Os efeitos da medida fizeram-se notar em menos de dois meses. Antes, “às 08:00, havia já uma fila enorme à porta do centro saúde”, com pessoas que “tinham chegado às 06:00” para garantir uma consulta, contou.

Perante a promessa de todos serem atendidos, “independentemente das horas a que chegassem”, a fila desapareceu. A sala de espera “estava sempre cheia e confusa” e agora “está bastante tranquila”, disse.

Martino contou também que reduziram as burocracias, “papeladas que não tinham nada a ver com o trabalho dos médicos”, para terem mais tempo para receber os doentes.

Na USF, as portas dos consultórios estão sempre abertas para todos, só há uma exceção: “A indústria farmacêutica não entra aqui para os médicos manterem a autonomia e a prescrição”, contou o coordenador, explicando que não recebem delegados de informação médica.

O projeto de Martino Gliozzi começou há sete anos com quatro médicos, três enfermeiros e dois administrativos, todos na casa dos 30 anos. Hoje conta com dez médicos e nove enfermeiros.

Mas não foi nas instalações modernas do Martim Moniz que o recém-especialista convenceu a equipa a embarcar no seu projeto.

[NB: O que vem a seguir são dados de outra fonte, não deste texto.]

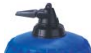
Integrated by-pass : system of turning concentrate injection on and off.

These options allow adapting your Dosatron to your needs. Contact our technical service to help determine what option you may need.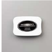
Tuxedo Black Memento Ink Pad [132708]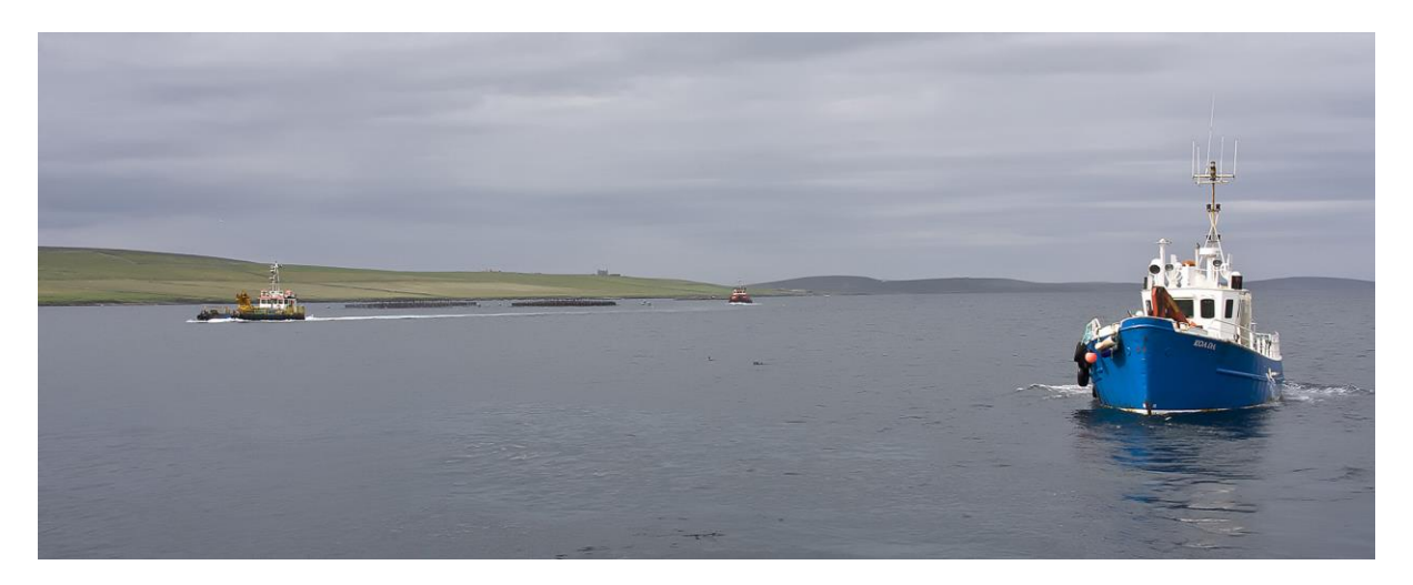
Fish Farm and other Marine activity

Increasing numbers of people work in Orkney's marine environment, e.g. in the inshore fishing, aquaculture and marine renewables industries, and they are well placed to record sightings of marine species and their behavioural traits.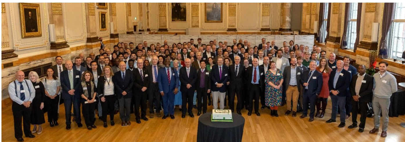
Celebrating 75 years of the BGA. Thank you again to everyone that made it happen, not just the day, but those that have, over so many years, made the BGA the community it is.

We encourage you to take full advantage of the opportunities coming up - whether at the AGM and Annual Conference in June, Earthworks 2025 in September, or by lending your expertise in the ISSMGE paper reviews. Wishing you all an enjoyable summer.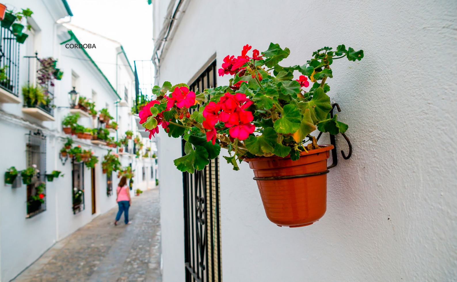
▲ PRIEGO DE CÓRDOBA

If you want to explore one of the oldest towns in the region, head for the lovely Cabra . Surrounded by mountains, springs and natural sites of great beauty, it preserves its Al-Andalus past in its double walled enclosure and in the beautiful Condes de Cabra castle. It also has some of the most interesting Baroque architecture in Andalusia, with such jewels as the parish church of Nuestra Señora de la Asunción y Ángeles.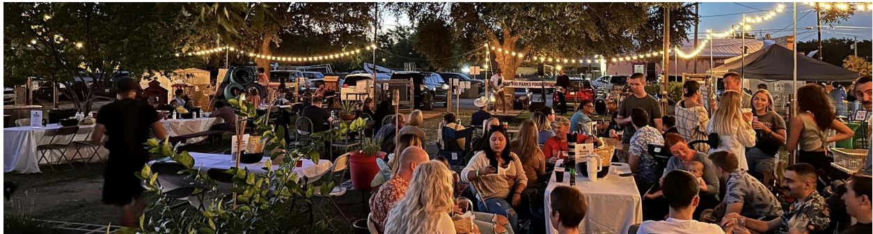
People from all over Del Rio attending one of our Beer Gardens

One of our most impactful fundraisers has been our Beer Garden events with food trucks and live entertainment! The Beer Garden events have been excellent at generating awareness and funds, while bringing the community together for a fun-filled evening.

As entrevistas aconteceram num segundo andar de um prédio decrépito na baixa, onde a eletricidade “ia abaixo quando ligavam o micro-ondas da copa” e o elevador “funcionava dia sim, dia não”. Era ali o centro de saúde da baixa.

Nas velhas instalações, na Rua dos Fanqueiros, Martino Gliozzi, de 32 anos, convenceu a sua futura equipa, explicando “onde é que se iam meter”.

“Eu dizia vamos fazer isto, mas ainda não existia nada”, recordou.

“Isto” de que Martino fala poderia resumir-se ao sonho de criar uma prestação de cuidados de saúde equitativos que olhem para o doente como um todo.

“O nosso objetivo é prestar cuidados com a maior equidade possível e equitativos, isto é, pessoas que precisam mais, devem ter acesso a melhores recursos e mais apoio”, corroborou Cristiano Figueiredo, um dos médicos de família da USF, explicando que as “pessoas mais vulneráveis acabam por ter mais consultas”.

Cristiano recordou um estudo realizado pela Universidade de Coimbra que revelou que nesta zona de Lisboa se morre mais cedo, por causa das condições de vida da população.

A população migrante, composta por mais jovens, poderá estar a mudar o fado traçado no estudo. Mas os mais velhos continuam a ser uma presença assídua na USF, como é o caso de Justina Rosa, que todos tratam por “Rosinha de Braga”.

Aos 77 anos, a diabetes obriga-a a ir todos os dias à USF para tomar insulina. “Quando venho aqui é uma festa”, contou à Lusa, encontrando entre as funcionárias e equipa médica “muitos amigos”. A paciente do Dr. Filipe gosta de cantar o fado e faz da USF o seu palco.